Das Visum müsste eine Arbeitserlaubnis beinhalten, denn das ist es schließlich, was die Einwanderer wollen: arbeiten. Und zahllos sind inzwischen auch die Berichte von Unternehmen, die frisch Eingewanderte einstellen würden, um sie anzulernen und ihre Personalressourcen aufzustocken. Dazu fällt seit dem Mindestlohn die Gefahr von Lohndumping weg. Wer keinen Job findet und sich innerhalb von drei Jahren keine Existenz aufbauen kann, reist wieder aus.

Den Bezug von Hilfsleistungen müsste das Visum ausschließen, sodass die befürchtete Einwanderung in die Sozialsysteme ausgeschlossen wird. Wer nicht ausreisen will, dem bleibt nur, sich von seinen Freunden oder sonstigen freiwilligen Unterstützern durchfüttern zu lassen. Ein Schaden für die Allgemeinheit wäre auch das nicht.

Und mit jedem, der zurückkehrt und aus eigenem Erleben darüber berichten kann, dass Europa nicht das Paradies ist, für das man es aus der Distanz halten könnte, bekommt auch der Mythos Löcher, zerfasern die übertriebenen Heilserwartungen, die an diesem magischen Zielort hängen.

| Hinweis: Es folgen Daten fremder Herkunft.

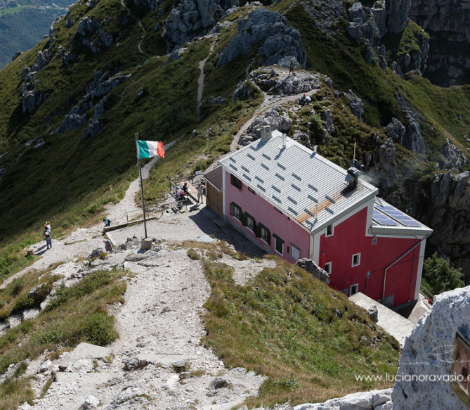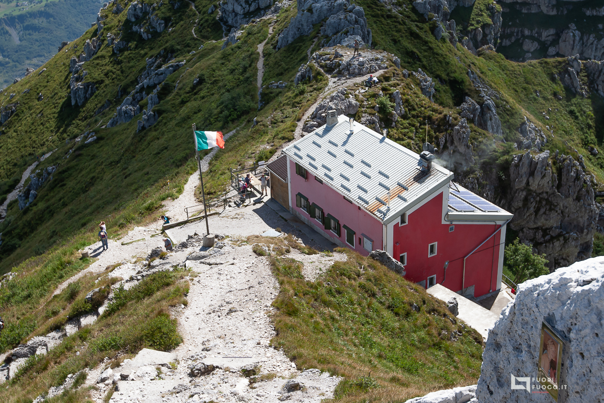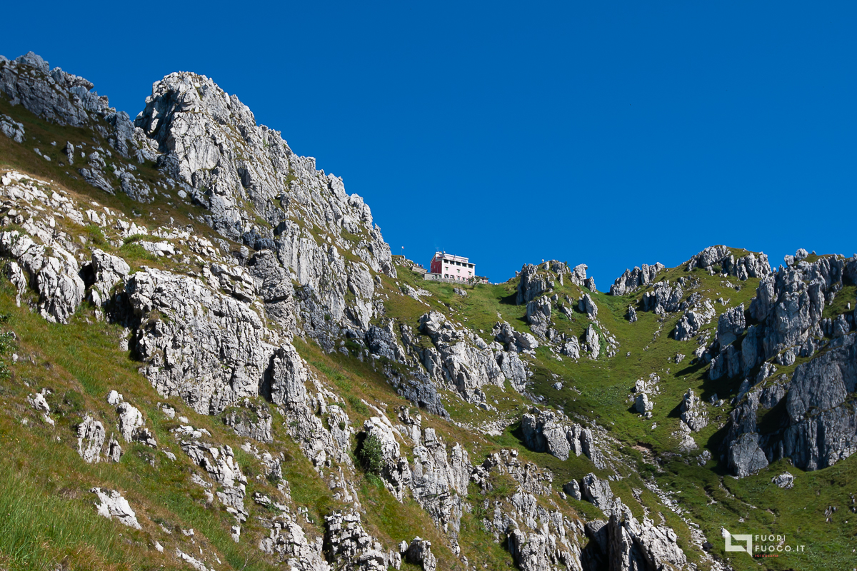 Da questo punto l’occhio spazia sino all’Adda, a Bergamo alta e nei giorni tersi Milano e la Brianza sono ben visibili, attacco le roccette, il rifugio e’a portata di vista, stacca nel cielo perfettamente blu, con i sui colori arancio/viol/rosso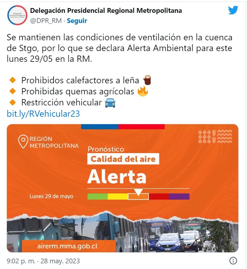 La Delegación Presidencial de la Región Metropolitana decidió declarar Alerta Ambiental para este lunes 29 de mayo, debido a las malas condiciones de ventilación.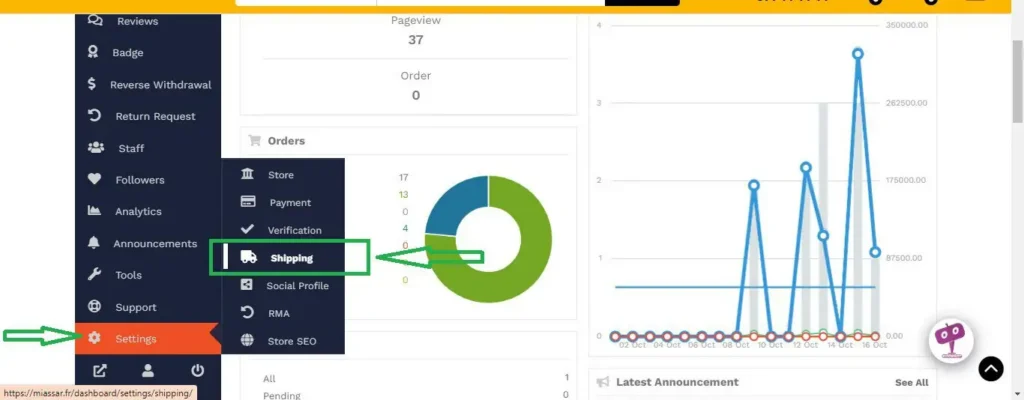 Cliquez sur paramètres ensuite cliquez sur expédition.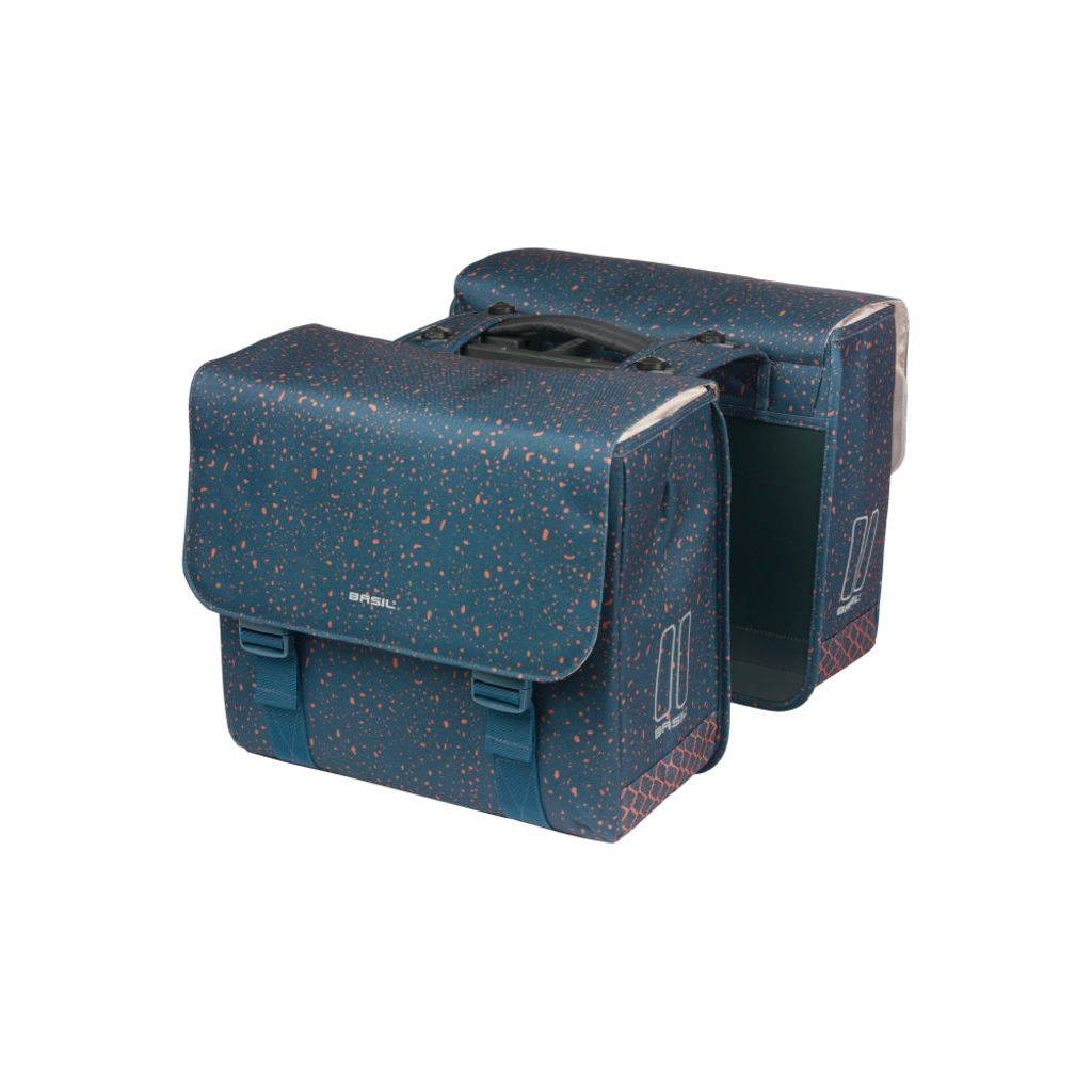 De Basil Flair MIK dubbele fietstas biedt de ideale combinatie van stijl en functionaliteit. Gemaakt van waterafstotend gerecycled polyester en voorzien van een binnenvoering, biedt deze tas optimale bescherming voor essentials. Met het handige aansnoerkoord is de tas veilig af te sluiten. Tevens uitgerust met een MIK Adapterplaat 2.0, waardoor hij eenvoudig te bevestigen is op MIK systeemdragers en de Basil MIK carrierplaat (los verkrijgbaar). Voor extra veiligheid heeft de tas reflectie op alle zijden, om goed zichtbaar te zijn in het verkeer. Perfect voor dagelijkse fietstochten!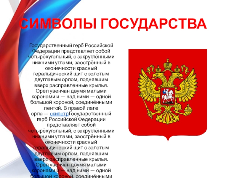 углами, заострённый в оконечности красный геральдический щит с золотым двуглавым орлом, поднявшим вверх расправленные крылья. Орёл увенчан двумя малыми коронами и — над ними — одной большой короной, соединёнными лентой. В правой лапе орла — скипетрГосударственный герб Российской Федерации представляет собой четырёхугольный, с закруглёнными нижними углами, заострённый в оконечности красный геральдический щит с золотым двуглавым орлом, поднявшим вверх расправленные крылья. Орёл увенчан двумя малыми коронами и — над ними — одной большой короной, соединёнными лентой. В правой лапе орла — скипетр, в левой — держава. На груди орла, в красном щите, — серебряный всадник в синем плаще на серебряном коне, поражающий серебряным копьём чёрного, опрокинутого навзничь и попранного конём дракона.

Außerdem ließen sich die Visumsregeln ohne großen Verzug ändern, und Tempo könnte angesichts der Tatsache, dass im Sommer die meisten Flüchtlinge in die Boote steigen, ein Argument sein.

Wo keine Flüchtlinge, da keine Flüchtlingsheime

Und auch in Europa würden legale Einreisemöglichkeiten die Situation entspannen. Alles das, worüber jetzt Geschrei entsteht, würde zumindest unbedeutender. Wenn handlungsfähige Visumsbesitzer einreisen statt entmündigte Flüchtlinge müssen keine Sammellager gebaut werden, denn die reisen ein, und keiner merkt’s, weil sie für sich selber sorgen. Eine Vorlage für nationalistische Bewegungen wäre das eher nicht.

Man könnte die Visumsvergabe an Sprach- und Berufskenntnisse knüpfen, sodass in den Heimatländern ein Ausbildungsinteresse gefördert wird. Das würde dort vielleicht noch Denkprozesse und Entwicklungen in Gang setzen, die am Ende das Visum selbst überflüssig machen. Vielleicht aber auch nicht. Vielleicht helfen Visaerleichterungen nicht, möglich ist das. Vielleicht ist die Idee blauäugig, doch sicher nicht viel blauäugiger als die Vorstellung, von Brüssel aus Eritrea oder Syrien in Ordnung zu bringen, auf dass die Bewohner dort glücklich werden und sich den Weg sparen.